Inflation isn’t a uniform figure. The effects of inflation on each individual are different depending on what each person buys. For example, a major criticism of the COLAs for Social Security is that it does not accurately reflect the spending habits of seniors who are the majority recipients of these COLA’s. Seniors argue that in comparison to the country as a whole, they spend significantly more on healthcare. With healthcare prices rising quickly, you can see how this could skew seniors’ actual inflation rate from that of the country’s average.

The government has tried to address these issues with several versions on the CPI, and with several methodologies on calculating it. But each time an improvement is made, there seems to be a small tip in the favor of the government: A new rule, a new trick, a new tool. Through these subtle slight-of-hand mathematical changes, what we are left with is the ability for policymakers to skirt blame and also do what’s necessary by pulling back on the social-insurance costs, which are out of control.

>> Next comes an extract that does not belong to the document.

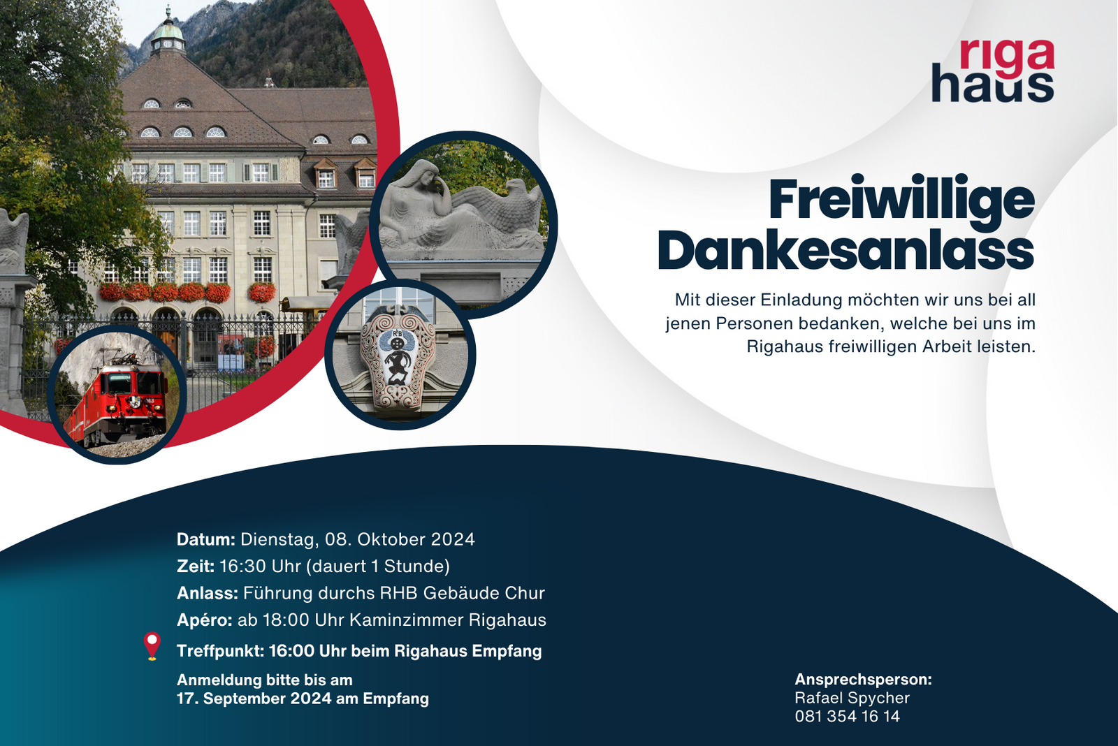 Am Dienstag 8. Oktober, fand ein besonderer Tag für unsere engagierten Freiwilligen statt, die das Rigahaus durch ihren unermüdlichen Einsatz tatkräftig unterstützen. Trotz des regnerischen Wetters liessen sie sich nicht davon abhalten, an unserem geführten Ausflug zum historischen RHB-Gebäude in Chur teilzunehmen.

Whether those mathematical changes adjust inflation one-tenth of a percent or 3% off of the accurate inflation metric, this is undoubtedly a way for the government to pay less to Social Security beneficiaries as well as other social programs with COLA’s indexed of the CPI.

I did not write this article to explain this issue in major detail. Rather I hope to create a spark in you, the reader, to research this topic further. Being aware of this will allow individuals make better assessments of how they need to handle their own financials and adjust dependency on these types of programs, now and into the future.